Primeiro,ele fala sobre o dom de profecia : “se profecia, seja segundo a proporção da fé”(12.6c). Aquele que proclama a Palavra deve fazê-lo de acordo com a fé recebida, isto é, em fidelidade à verdade de Deus, sem acrescentar suas próprias ideias ou buscar exaltação pessoal. Segundo, “se ministério”(12.7a): colocar-se à disposição para servir às necessidades dos outros.Terceiro, “ensino” (12.7b): transmitir e explicar a Palavra de Deus com fidelidade.Quarto, “exortação” (12.8a): encorajar, aconselhar, consolar e fortalecer os irmãos na fé.Quinto, “contribuição” (12.8b): compartilhar os bens e recursos com generosidade e sinceridade.Sexto. “presidir ou liderar” (12.8c): conduzir e administrar com dedicação e responsabilidade. Por fim, “exercer misericórdia (12.8d): demonstrar compaixão e cuidado para com os que sofrem, fazendo-o com alegria. Todos esses dons são diferentes, mas procedem da mesma graça e devem ser usados para servir ao próximo, edificar a Igreja e glorificar a Deus.

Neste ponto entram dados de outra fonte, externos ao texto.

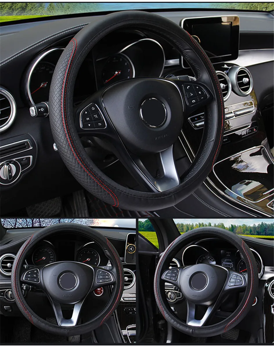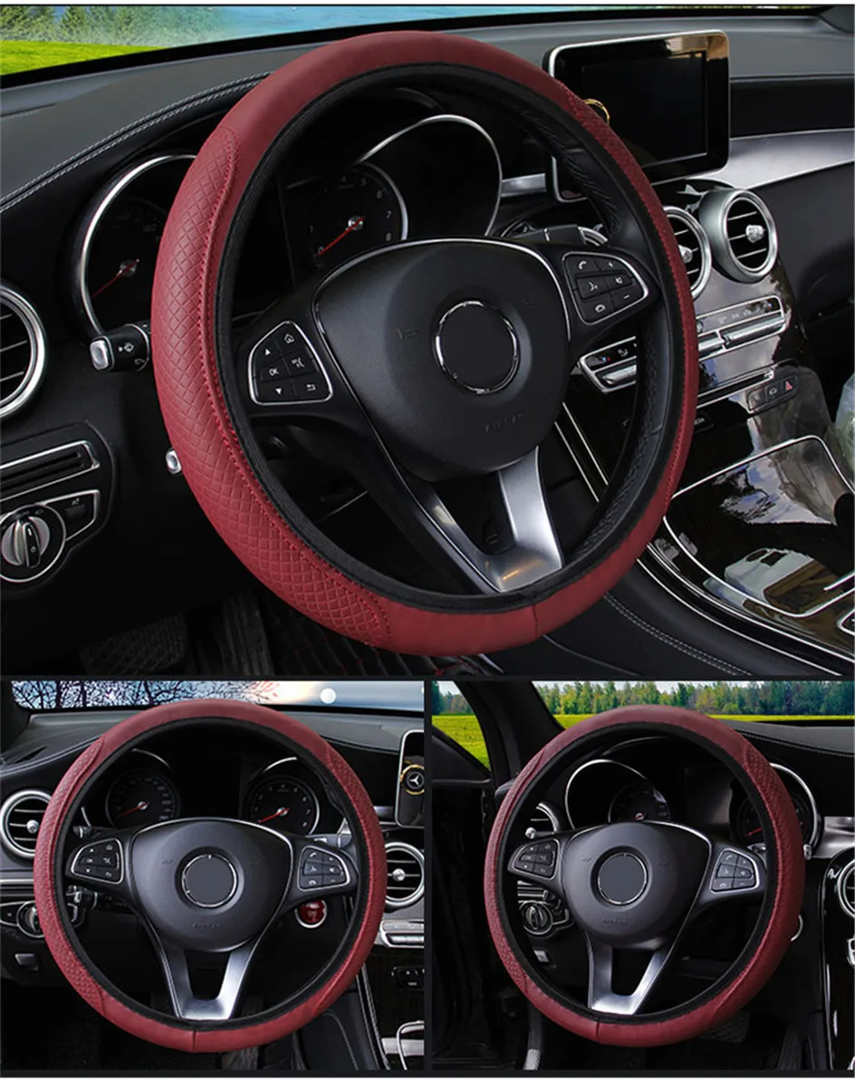 Дышащие кожаные противоскользящие аксессуары чехол рулевого колеса ...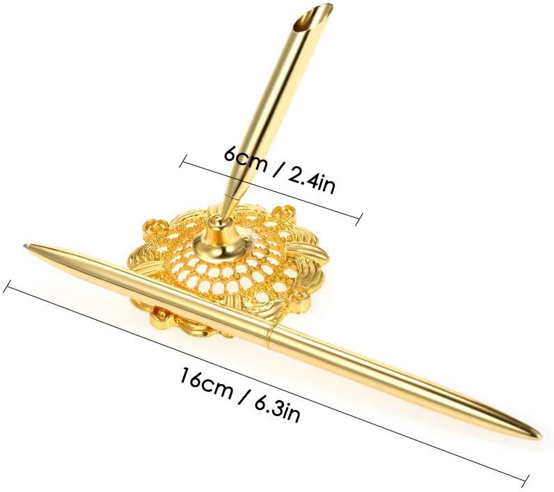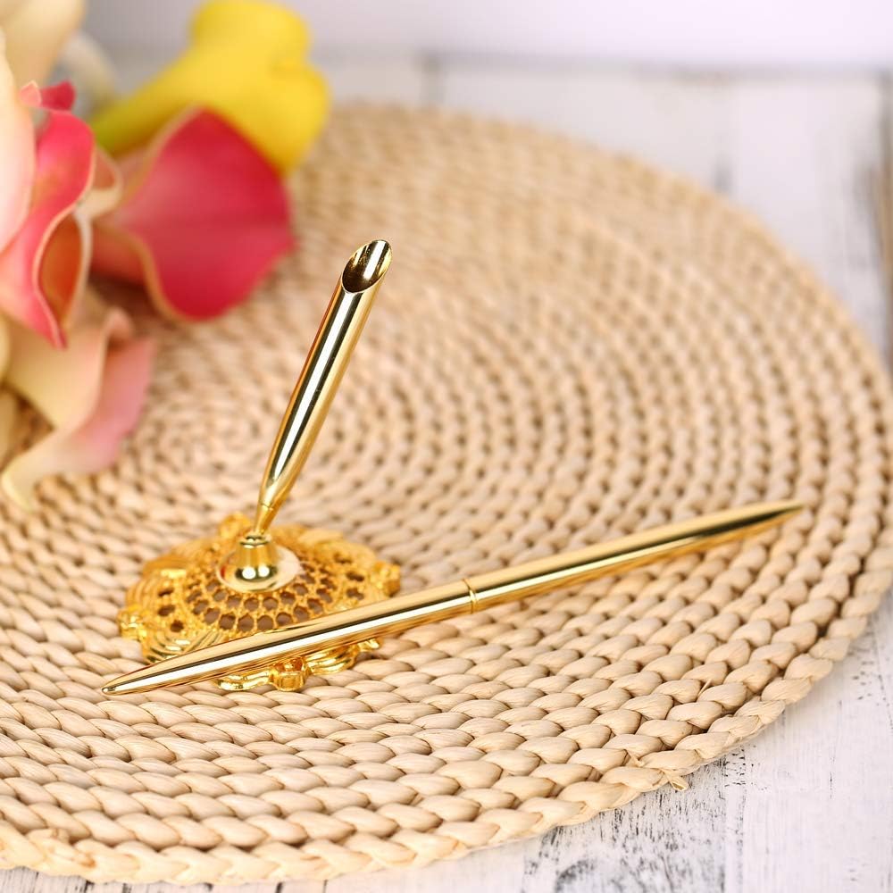 Onwon 2 Pieces Golden Wedding Pen Guest Signing Pen with Hollow Round Pen Holder Sign Writing Pen for Wedding Bridal Golden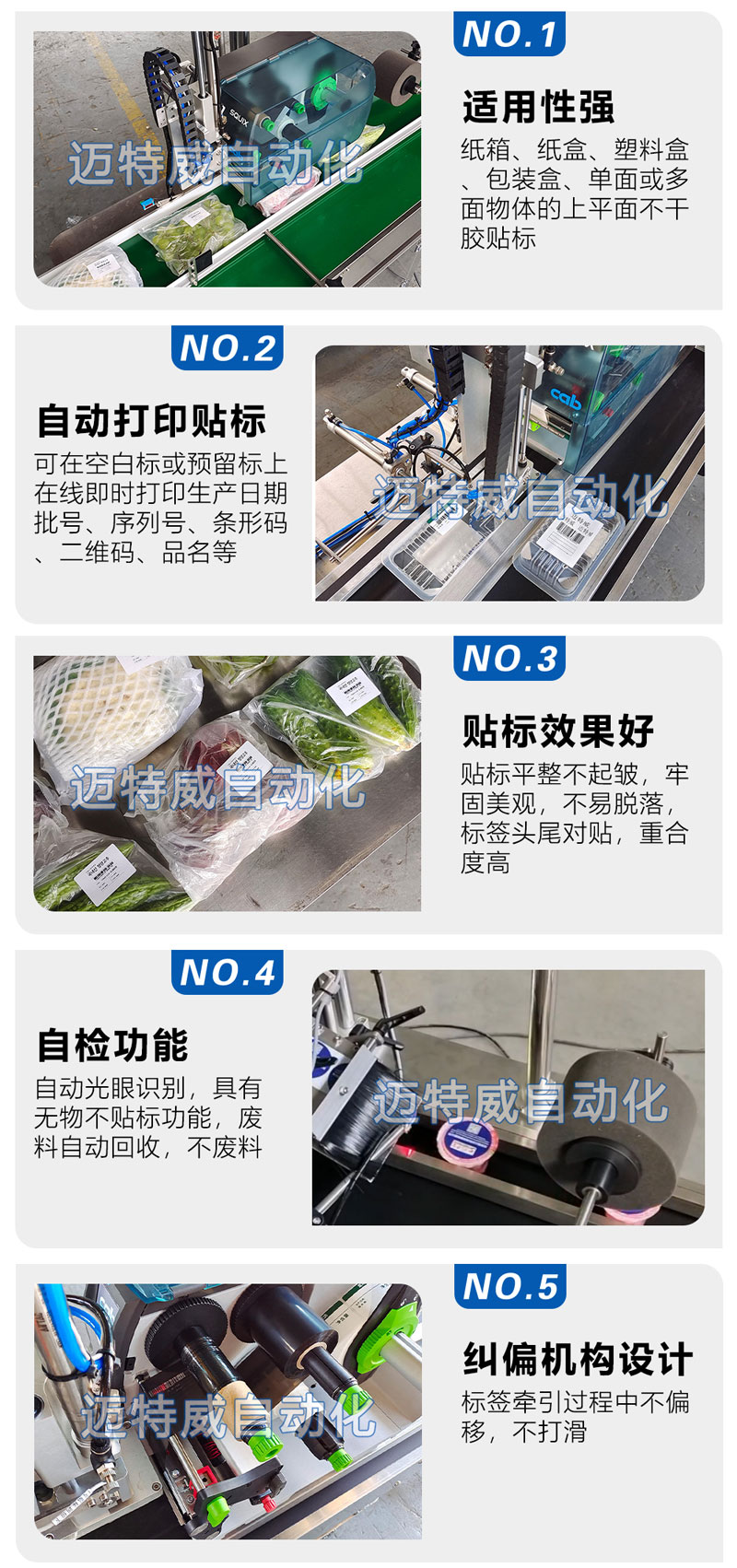 該設(shè)備適用于瓶子、盒子、成型包、包裝箱等上平面的打印和貼標(biāo)。可在空白標(biāo)或預(yù)留標(biāo)上在線即時(shí)打印生產(chǎn)日期批號、序列號、條形碼、二維碼、品名、專銷區(qū)等預(yù)設(shè)內(nèi)容并完成同步貼標(biāo)。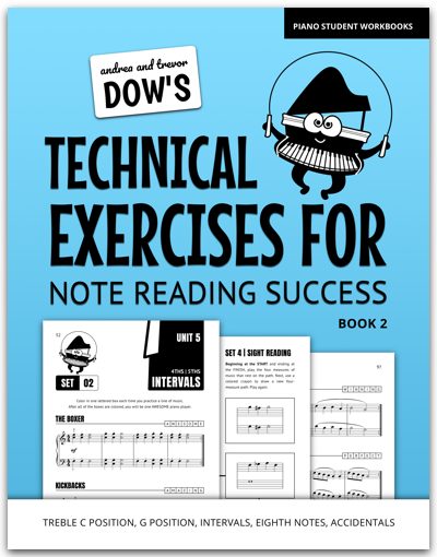 If your level 1 piano students have our newest book, Andrea and Trevor Dow’s Technical Exercises for Note Reading Success, Book 2, then they will always have something effective to practice!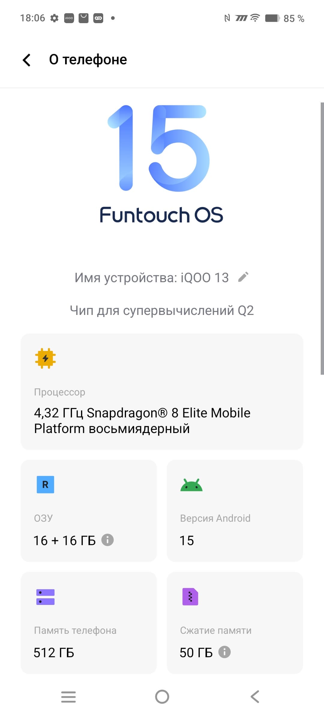 В качестве программной платформы в iQoo 13 используется фирменная оболочка Funtouch OS 15 на базе Android 15. Производитель обещает минимум 4 основных обновления Android для данной модели. Оболочка хорошо оптимизирована, интерфейс быстрый и плавный. Официальный магазин приложений Google Play и доступ к сервисам Google на месте. Рекламы нет. Дополнительных приложений предустановлено много, но они аккуратно спрятаны в две папки и их можно удалить. Присутствует режим дисплея Always-On. Оттягиваемая шторка не разделена на две части, она единая.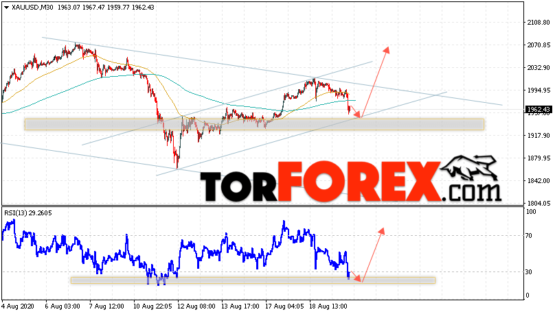 Дополнительным сигналом в пользу роста котировок XAU/USD выступит тест линии тренда на индикаторе относительной силы. Вторым сигналом отскок от нижней границы восходящего канала. Отменой варианта роста цен на Золото 20 августа 2020 станет падение и пробой уровня 1920. Это укажет на пробой области поддержки и продолжение падения в область ниже уровня 1875. Ожидать ускорения подъёма котировок XAU/USD стоит с пробоем области сопротивления и закрытием над уровнем 2025.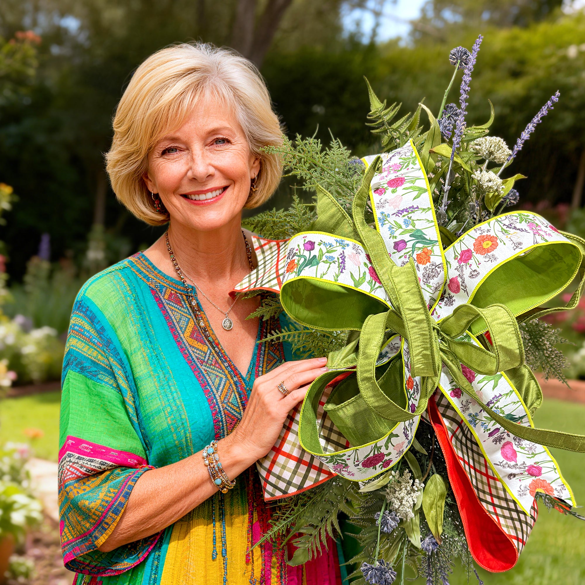 Spring Day Floral Stems with Garden Bias Plaid Ribbon Bundle 4 Rolls |40 Yards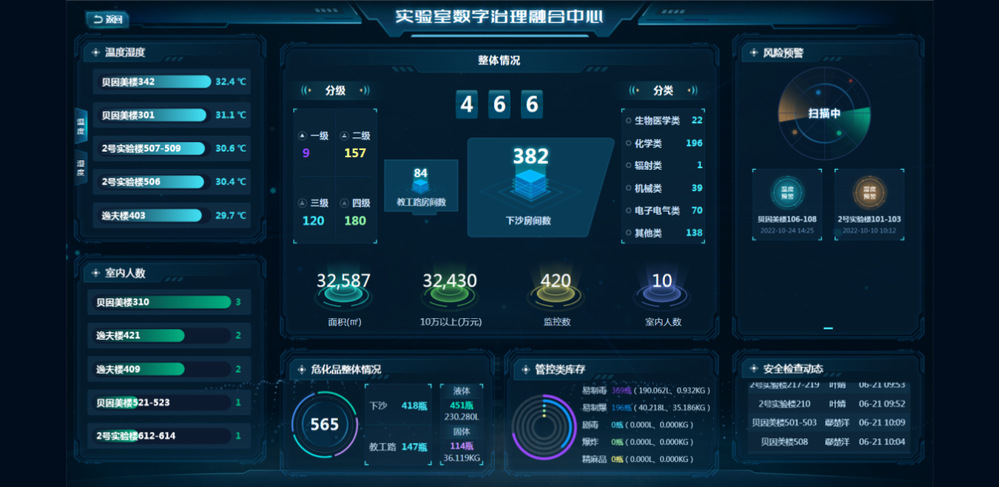 积极探索实验室安全全域数字治理新形态,通过基于数据与算法双驱动的治理模式,形成“用数据创新、用数据决策、用数据说话、用数据管理”的实验室安全IDSM治理新机制。数据融合中心日均数据产生18400余条,为实验室治理主体形成精准的数字画像提供数据血缘。“实验室安全全域数治融合应用”入选教育部产学合作协同育人项目、浙江省教育领域数字化改革创新试点项目。
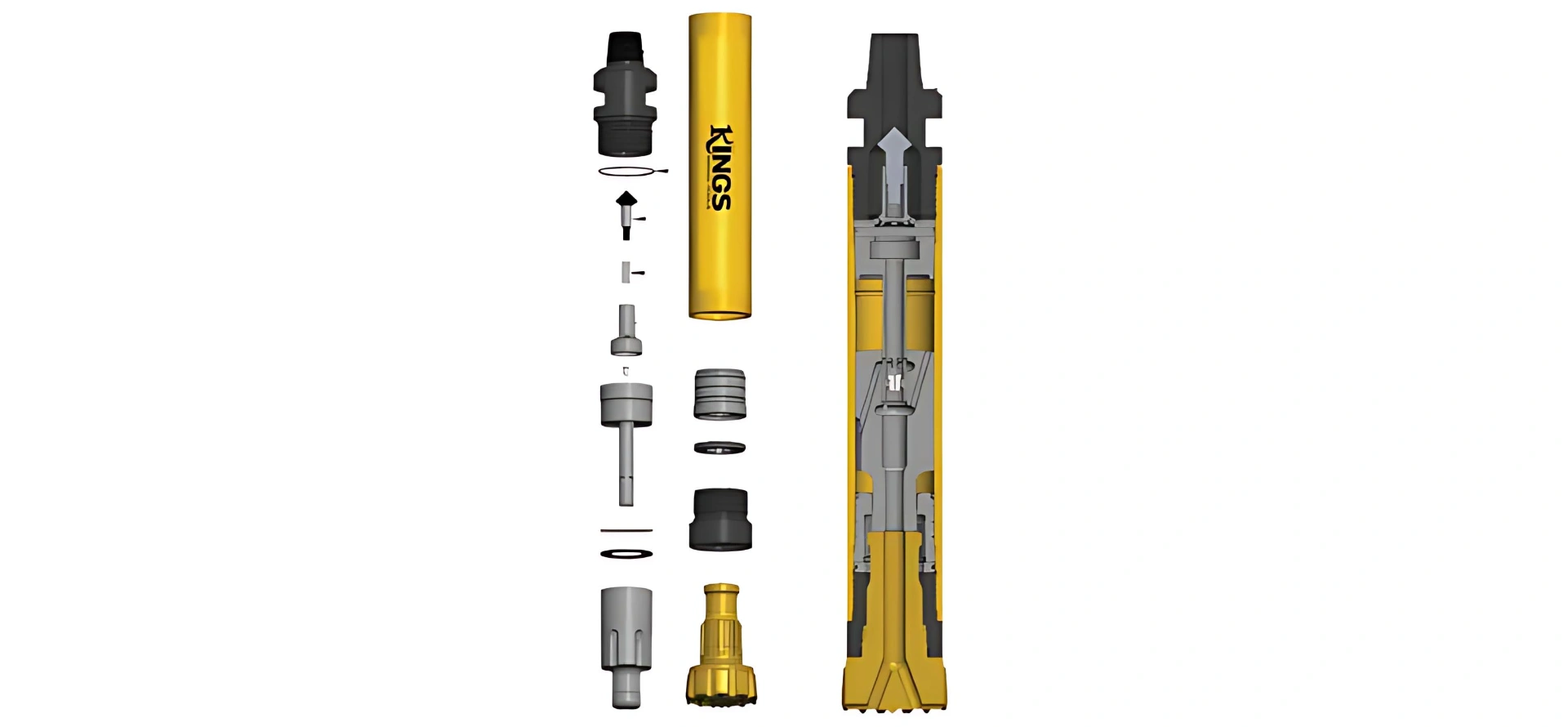 The hammer is designed with an effective air flushing system to cool the piston and bit, a durable non-return valve for stable air pressure, and precision-machined components to enhance longevity. Companies like Kings Mining Tools focus on these advanced features to ensure superior DRILLING TOOL performance.

O texto nos conduz a uma pergunta pessoal: “Como estou usando os dons que Deus me deu?” Essa pergunta nos leva a olhar para nossa própria vida e reconhecer que Deus concedeu a cada um capacidades, oportunidades e dons diferentes. Não devemos compará-los com os dons dos outros, nem utilizá-los para nossa própria exaltação. Pelo contrário, somos chamados a colocá-los a serviço de Deus e do próximo. Talvez nosso dom seja ensinar, servir, encorajar, liderar, contribuir ou exercer misericórdia. O importante é não deixar esses dons parados, mas usá-los com dedicação e humildade. Tudo o que recebemos vem da graça de Deus e deve ser usado para abençoar outras pessoas e edificar o corpo de Cristo. Portanto, a pergunta não é apenas “Que dons eu tenho?”, mas também: “Estou sendo fiel em usar aquilo que Deus me confiou?”
Ao chegarmos ao final deste texto, Paulo nos mostra que a nova vida em Cristo transforma não apenas aquilo que pensamos, mas também a maneira como vivemos e servimos. Pensar sobre as coisas de Deus significa conhecer sua Palavra, compreender sua vontade e reconhecer que tudo recebemos pela graça. Agir sobre as coisas de Deus significa colocar essa fé em prática, servindo, amando, perdoando, contribuindo, ensinando, encorajando e usando os dons que Deus nos concedeu.Pela misericórdia de Deus, somos chamados a apresentar nossa vida como sacrifício vivo, santo e agradável ao Senhor. Essa transformação começa na mente, quando deixamos de nos conformar com os padrões deste mundo e passamos a discernir a vontade de Deus.
Paulo também nos ensina a olhar para nós mesmos com humildade e equilíbrio. Não devemos pensar de nós mesmos além do que convém, porque tudo o que somos e temos recebemos pela graça de Deus. Somos muitos membros, mas formamos um só corpo em Cristo. Temos diferentes dons, diferentes funções e diferentes responsabilidades, mas todos somos chamados a servir.
Por isso, a pergunta que o texto deixa para cada um de nós é: “Como estou usando os dons que Deus me deu?” Não fomos chamados para guardar nossos dons, nem para usá-los em benefício próprio, mas para colocá-los a serviço de Deus e do próximo.